PROBLEM REQUIREMENTS: Retype the records below exactly as they stand, omitting the pictures.

(Dataset records)
<<<<

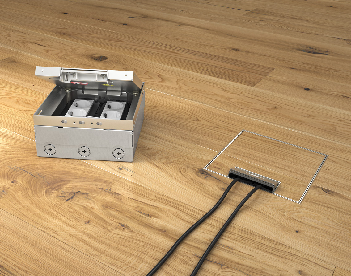 UDHOME4 raspolaže područjem za niveliranje od do 30 mm i zahvaljujući tome može se prilagoditi razini gotovih podova. Podna kutija dokazala se fleksibilnom i kad je riječ o ugradnji elektroelemenata: može se s 4 standardna elektroelementa ili 6 modularnih ugradnih elektroelemenata serije Modul 45®- fleksibilno opremiti strujnom, podatkovnom i multimedijskom tehnologijom.
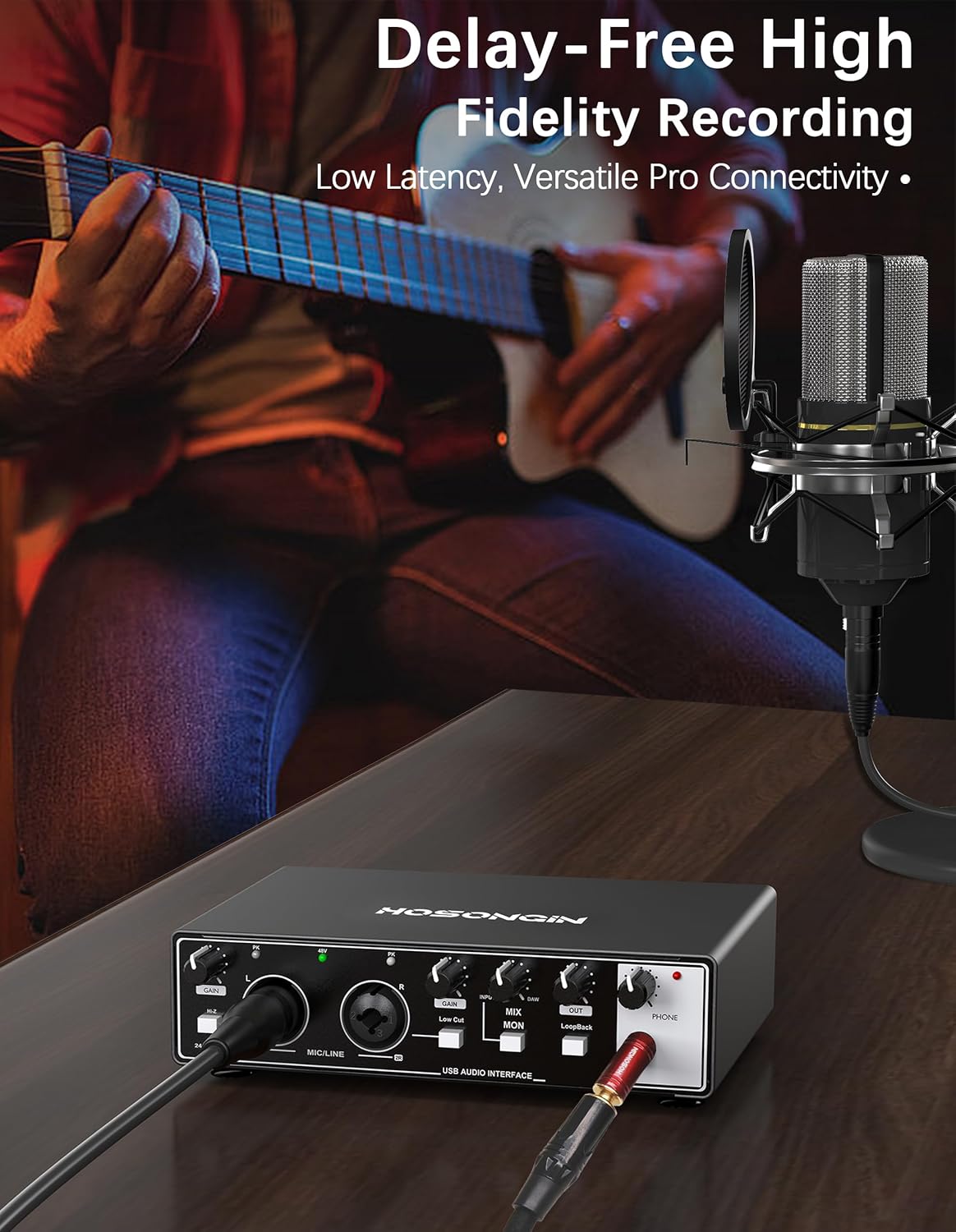 The HOSONGIN Audio Interface supports an impressive resolution of 24-bit and a sample rate of 192kHz! I love how this high-quality sound really captures every detail in my recordings. It’s perfect for both my music projects and podcasting sessions!
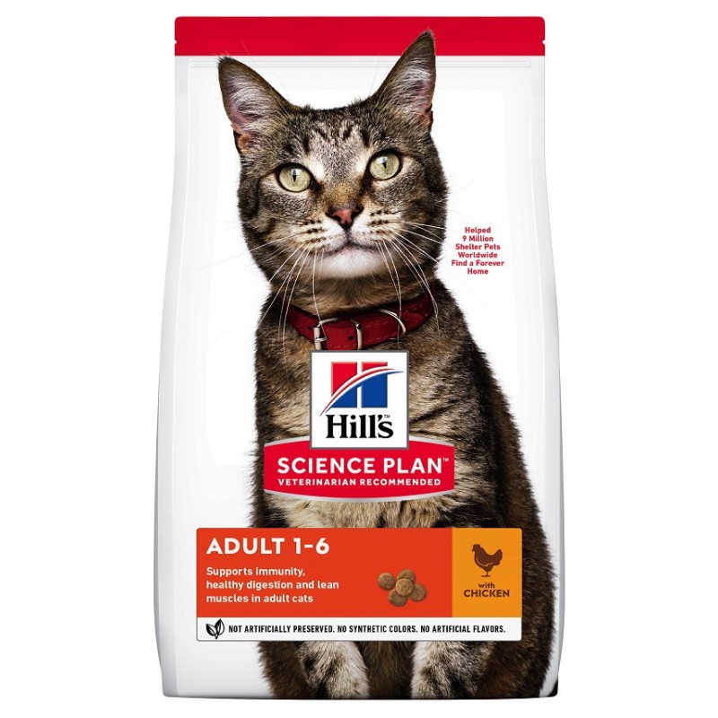 Votre chat adulte a besoin d’une alimentation adaptée, capable de soutenir sa santé digestive, de renforcer son système immunitaire et de maintenir son beau pelage et sa masse musculaire. Elaborées à partir d’ingrédients de haute qualité et faciles à digérer, les croquettes Hill’s Science Plan Adult au poulet sont spécialement formulées pour fournir aux chats adultes âgés de 1 à 6 ans toute l’énergie dont ils ont besoin. Hill’s Science Plan Feline Adult apporte à votre chat de la vitamine E et des acides gras oméga-3 et oméga-6 qui nourrissent sa peau, ainsi que des protéines de haute qualité qui préservent sa masse musculaire. Grâce à sa teneur équilibrée en acides aminés et en minéraux, cet aliment soutient la santé cardiaque, les fonctions rénales et urinaires de votre chat adulte. Pour varier les plaisirs de votre chat, vous pouvez lui donner des sachets repas Hill's Science Plan Feline adult, en complément ou en alternance de ses croquettes.
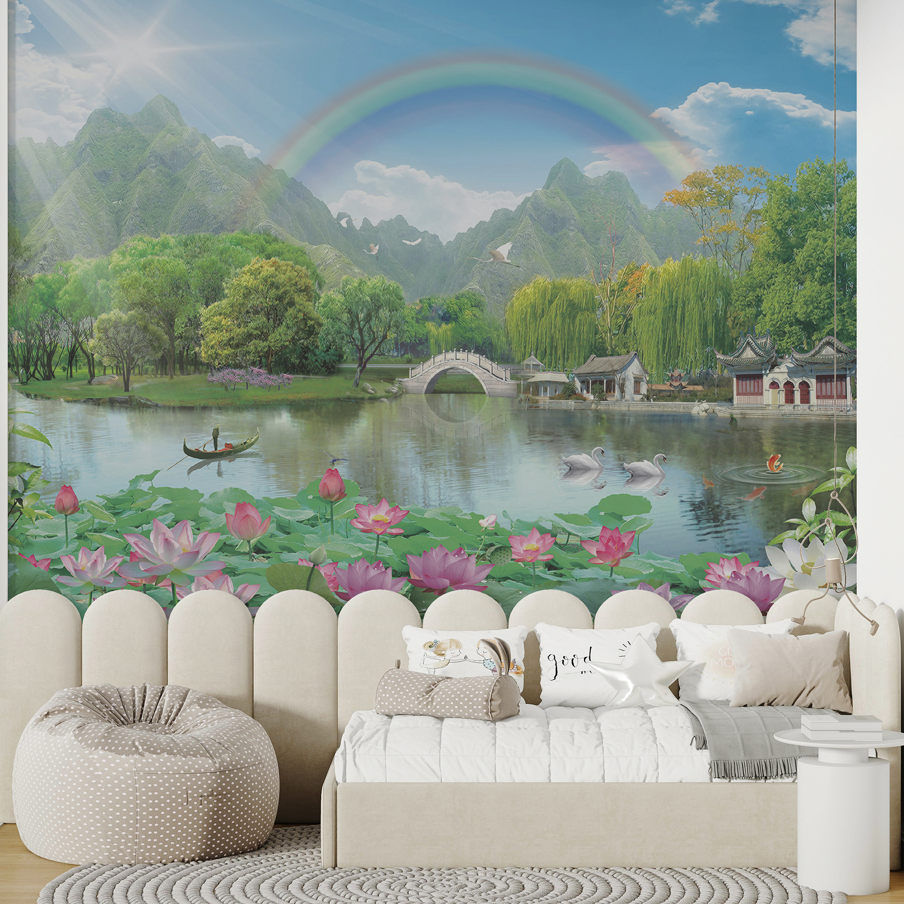 Imagine entrar en una habitación y transportarse a un sereno paraíso junto al lago… ¿Puede sentirlo? Eso es exactamente lo que hace este mural. “Paisaje sereno con flores de loto” es como un suave suspiro para el alma: calmante y tranquilo. Perfecto para guarderías o cualquier espacio que necesite un toque de paz. Imagínese relajándose después de un día ajetreado, disfrutando del suave resplandor del sol poniente, con el aire impregnado del dulce aroma de las flores de loto… Te sentirás de vacaciones todos los días. Además, es un bonito tema de conversación para los invitados (o un fondo perfecto para Instagram). Tanto si decoras la habitación de un bebé como si quieres añadir un toque de naturaleza a tu hogar, este mural te hará sonreír cada vez que lo veas.
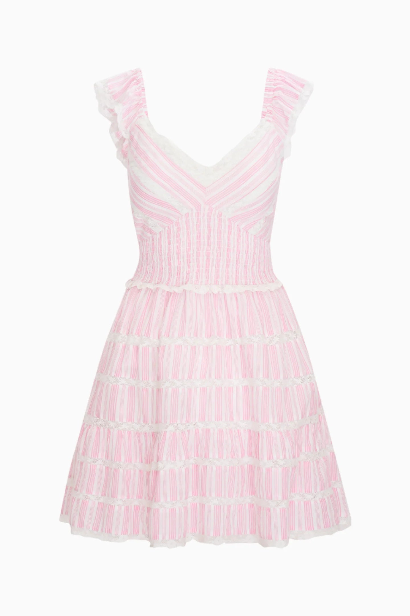 Our beloved Finny Dress arrives for the season as part of our Upcycled Icons Collection, a limited-edition, sustainable capsule featuring our best-selling silhouettes made from remnant LoveShackFancy fabrics. She’s airy, dreamy, and easy to wear. This must-have mini begins with an open v-neck with elasticated flutter sleeves before falling to a smocked waist for a comfortable and a flattering fit. The bodice and skirt feature a sweet medley of lace and embroidery arrangements throughout. This piece is complete with pockets.
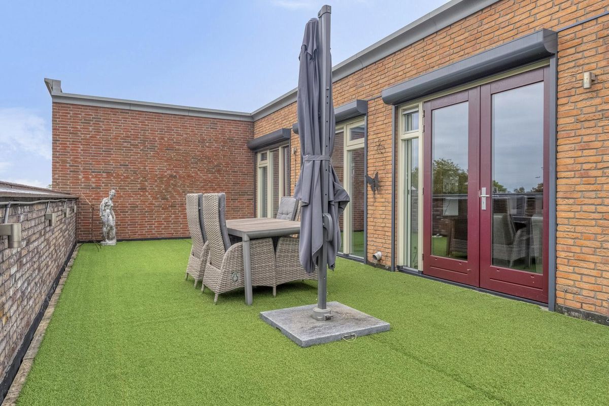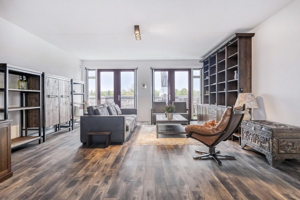 Grenzend aan de keuken ligt de ruime woonkamer. Dankzij de grote raampartijen is er altijd genoeg daglicht aanwezig. Vanuit de woonkamer is er directe toegang tot het bijzonder royale dakterras. Dit samen met de open keuken en woonkamer maakt het samen een heerlijke leefruimte. Het dakterras is van groot formaat en biedt veel privacy. Een fijne plek om buiten te zitten.
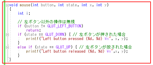 int state: ボタンを押した場合(GLUT_DOWN)、ボタンを離した場合(GLUT_UP)
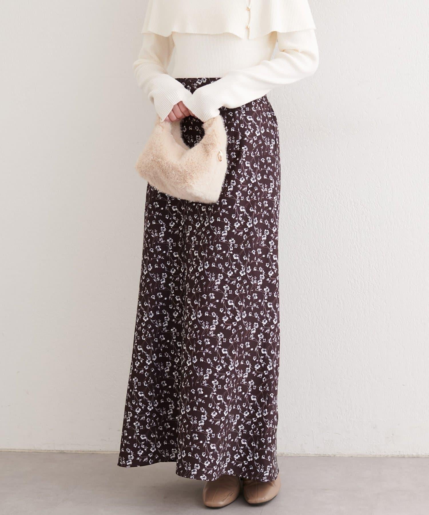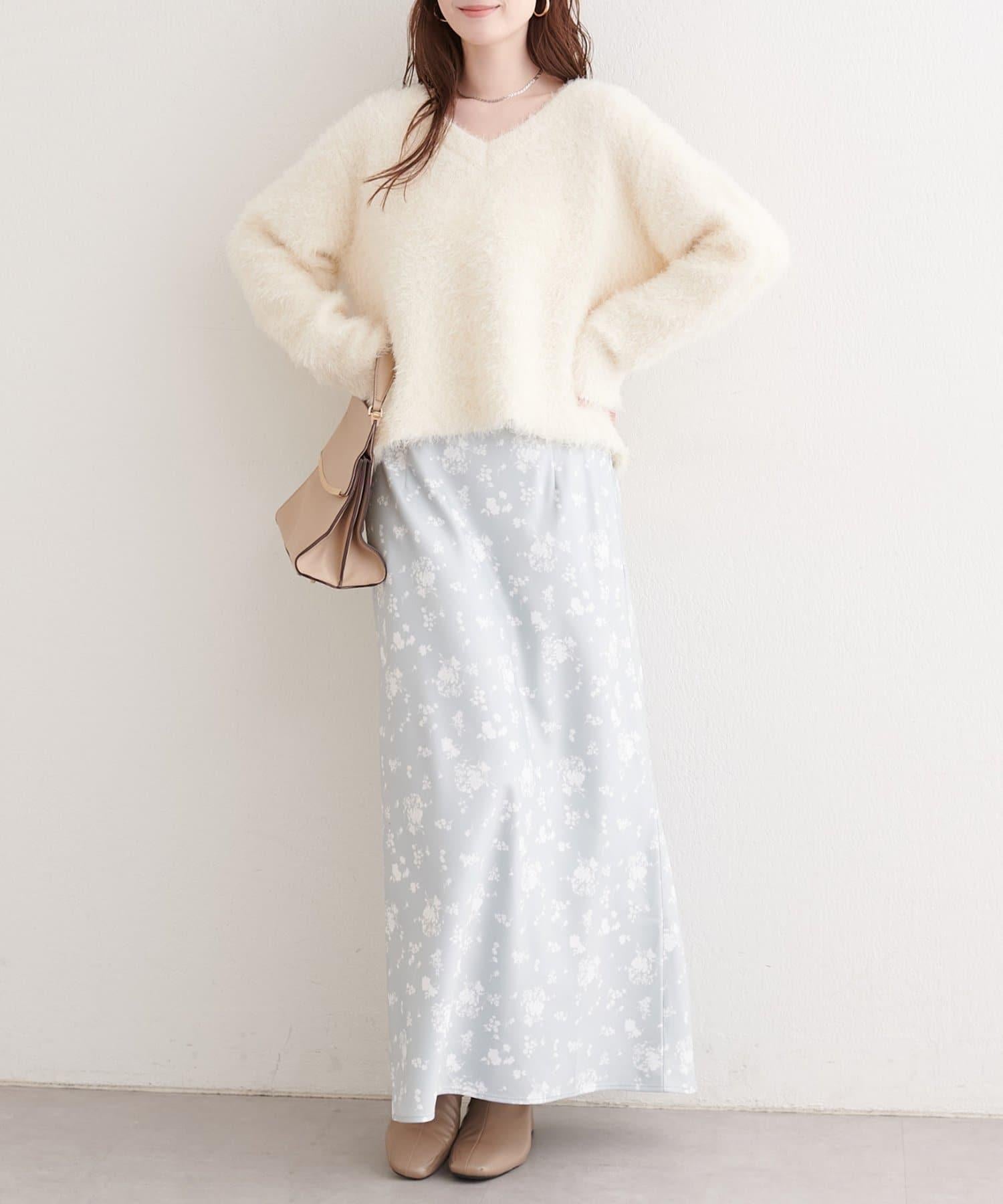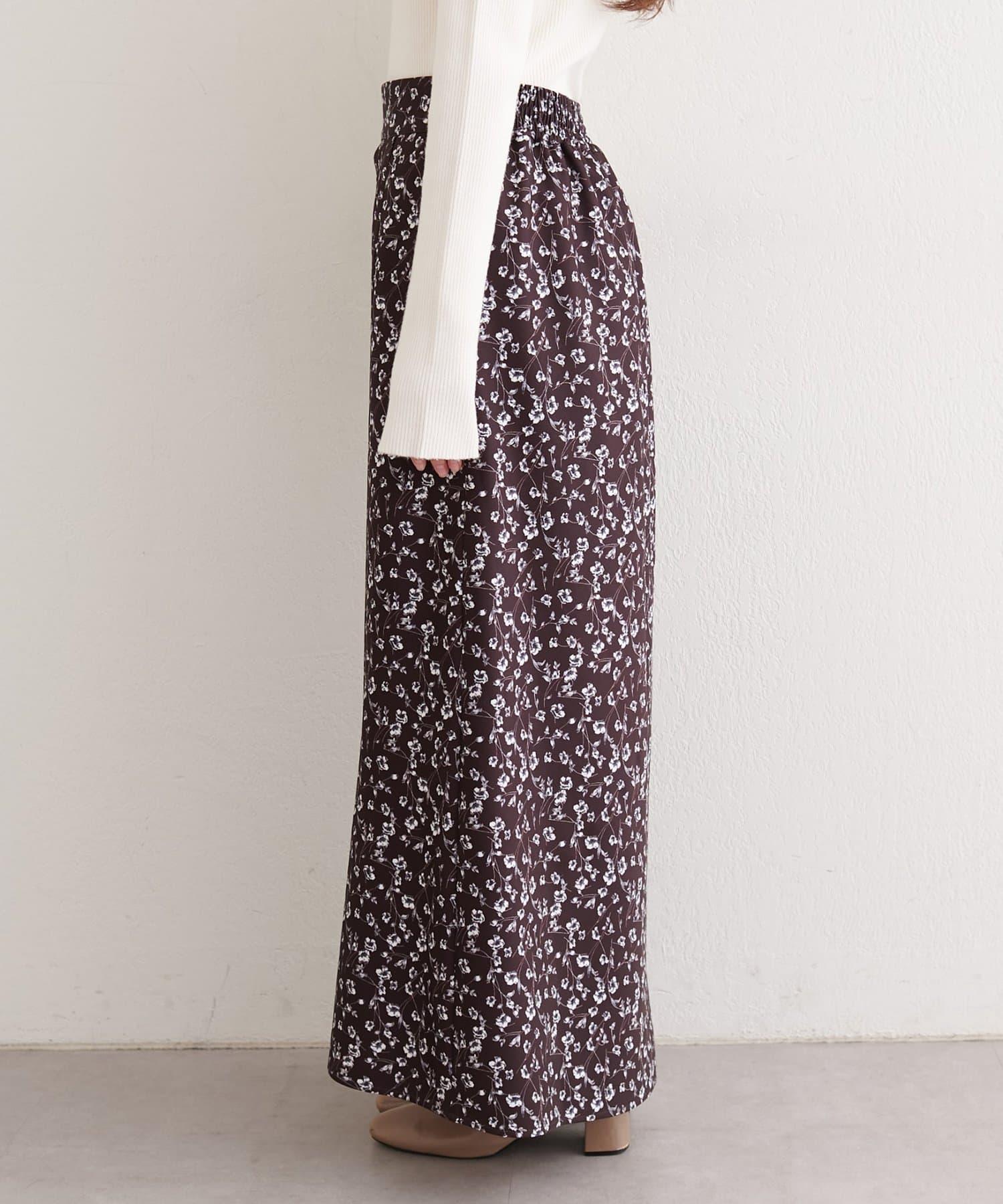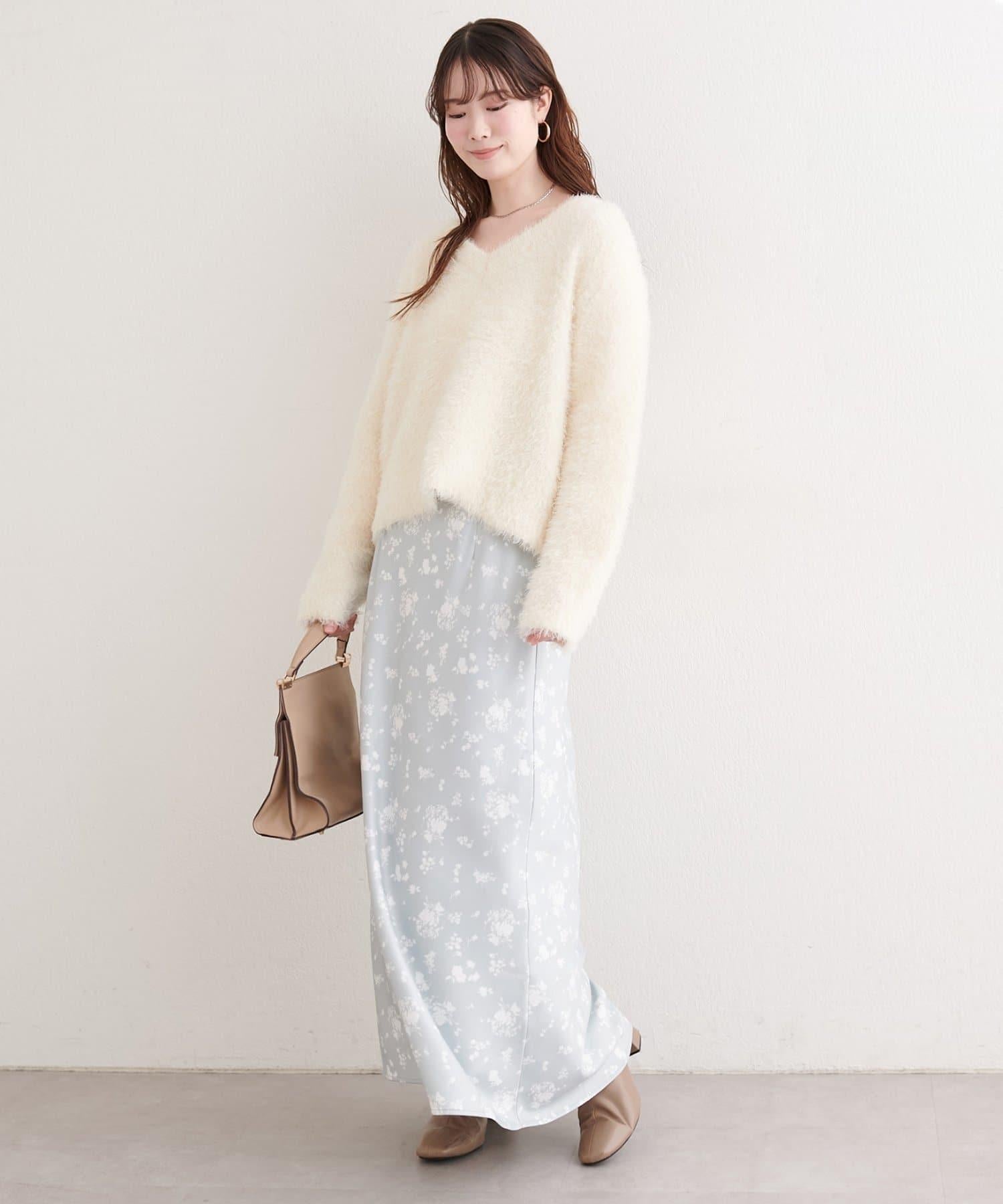 鋪滿整條裙子的花卉圖案散發著水彩畫般的柔和氣息。
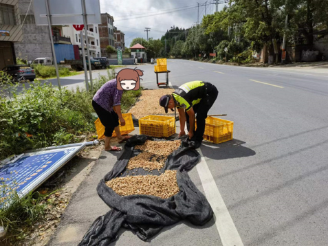 9月11日上午10时许,道县公安局交警大队民警巡逻到G357线道县仙子脚镇交叉路口时,发观一段公路的路面晒着花生,前后还用木桌等障碍物挡住,占去公路部分面积,影响道路通行秩序,存在严重的道路交通安全隐患。见状,民警立即下车了解情况。经走访询问,民警找到了占路晒花生的一位老年妇女,并向她宣讲公路上晒花生的危害性,告知她如因此发生交通事故,还要承担相应责任,劝导她把花生搬离道路,选择合适的地方晾晒。经民警教育,该村民同意将花生搬离。随后,民警帮助收起花生,及时搬出路面,消除了安全隐患。
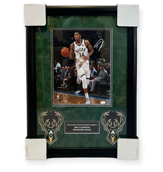 This 11x14 photograph framed to 14x21 has been personally hand-signed by Giannis Antetokounmpo of the Milwaukee Bucks100% Authentic Certificate of authenticity by JSAasgmemorabilia.com
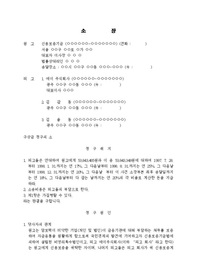9,000원/월구상금청구 소장(신용보증기금의 대위변제)(2)입니다.
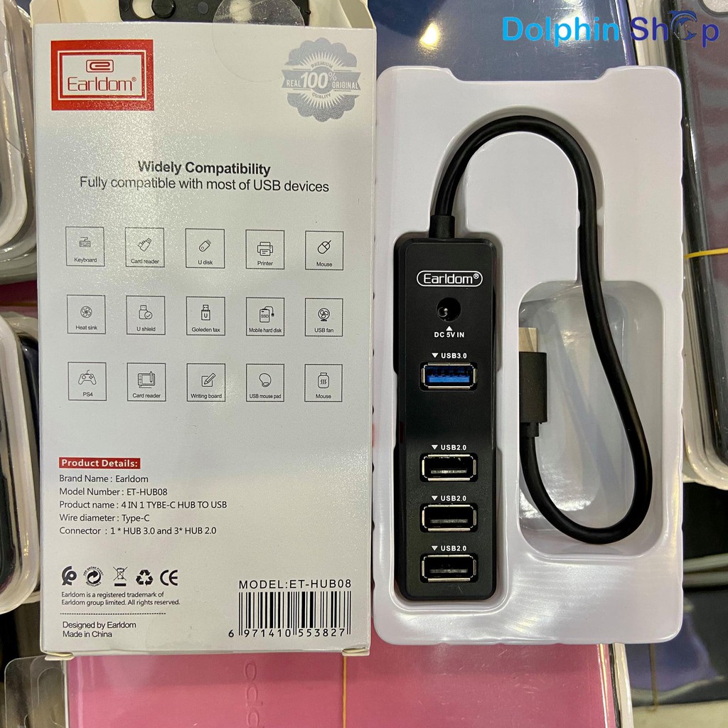 Cáp Usb Hub Earldom HUB - 08 Type C Hỗ Trợ 3 Cổng USB 2.0 và 1 cổng USB 3.0

>>>>

YOUR RESPONSE:
 UDHOME4 raspolaže područjem za niveliranje od do 30 mm i zahvaljujući tome može se prilagoditi razini gotovih podova. Podna kutija dokazala se fleksibilnom i kad je riječ o ugradnji elektroelemenata: može se s 4 standardna elektroelementa ili 6 modularnih ugradnih elektroelemenata serije Modul 45®- fleksibilno opremiti strujnom, podatkovnom i multimedijskom tehnologijom.
 The HOSONGIN Audio Interface supports an impressive resolution of 24-bit and a sample rate of 192kHz! I love how this high-quality sound really captures every detail in my recordings. It’s perfect for both my music projects and podcasting sessions!
 Votre chat adulte a besoin d’une alimentation adaptée, capable de soutenir sa santé digestive, de renforcer son système immunitaire et de maintenir son beau pelage et sa masse musculaire. Elaborées à partir d’ingrédients de haute qualité et faciles à digérer, les croquettes Hill’s Science Plan Adult au poulet sont spécialement formulées pour fournir aux chats adultes âgés de 1 à 6 ans toute l’énergie dont ils ont besoin. Hill’s Science Plan Feline Adult apporte à votre chat de la vitamine E et des acides gras oméga-3 et oméga-6 qui nourrissent sa peau, ainsi que des protéines de haute qualité qui préservent sa masse musculaire. Grâce à sa teneur équilibrée en acides aminés et en minéraux, cet aliment soutient la santé cardiaque, les fonctions rénales et urinaires de votre chat adulte. Pour varier les plaisirs de votre chat, vous pouvez lui donner des sachets repas Hill's Science Plan Feline adult, en complément ou en alternance de ses croquettes.
 Imagine entrar en una habitación y transportarse a un sereno paraíso junto al lago… ¿Puede sentirlo? Eso es exactamente lo que hace este mural. “Paisaje sereno con flores de loto” es como un suave suspiro para el alma: calmante y tranquilo. Perfecto para guarderías o cualquier espacio que necesite un toque de paz. Imagínese relajándose después de un día ajetreado, disfrutando del suave resplandor del sol poniente, con el aire impregnado del dulce aroma de las flores de loto… Te sentirás de vacaciones todos los días. Además, es un bonito tema de conversación para los invitados (o un fondo perfecto para Instagram). Tanto si decoras la habitación de un bebé como si quieres añadir un toque de naturaleza a tu hogar, este mural te hará sonreír cada vez que lo veas.
 Our beloved Finny Dress arrives for the season as part of our Upcycled Icons Collection, a limited-edition, sustainable capsule featuring our best-selling silhouettes made from remnant LoveShackFancy fabrics. She’s airy, dreamy, and easy to wear. This must-have mini begins with an open v-neck with elasticated flutter sleeves before falling to a smocked waist for a comfortable and a flattering fit. The bodice and skirt feature a sweet medley of lace and embroidery arrangements throughout. This piece is complete with pockets.
 Grenzend aan de keuken ligt de ruime woonkamer. Dankzij de grote raampartijen is er altijd genoeg daglicht aanwezig. Vanuit de woonkamer is er directe toegang tot het bijzonder royale dakterras. Dit samen met de open keuken en woonkamer maakt het samen een heerlijke leefruimte. Het dakterras is van groot formaat en biedt veel privacy. Een fijne plek om buiten te zitten.
 int state: ボタンを押した場合(GLUT_DOWN)、ボタンを離した場合(GLUT_UP)
 鋪滿整條裙子的花卉圖案散發著水彩畫般的柔和氣息。
 9月11日上午10时许,道县公安局交警大队民警巡逻到G357线道县仙子脚镇交叉路口时,发观一段公路的路面晒着花生,前后还用木桌等障碍物挡住,占去公路部分面积,影响道路通行秩序,存在严重的道路交通安全隐患。见状,民警立即下车了解情况。经走访询问,民警找到了占路晒花生的一位老年妇女,并向她宣讲公路上晒花生的危害性,告知她如因此发生交通事故,还要承担相应责任,劝导她把花生搬离道路,选择合适的地方晾晒。经民警教育,该村民同意将花生搬离。随后,民警帮助收起花生,及时搬出路面,消除了安全隐患。
 This 11x14 photograph framed to 14x21 has been personally hand-signed by Giannis Antetokounmpo of the Milwaukee Bucks100% Authentic Certificate of authenticity by JSAasgmemorabilia.com
9,000원/월구상금청구 소장(신용보증기금의 대위변제)(2)입니다.
 Cáp Usb Hub Earldom HUB - 08 Type C Hỗ Trợ 3 Cổng USB 2.0 và 1 cổng USB 3.0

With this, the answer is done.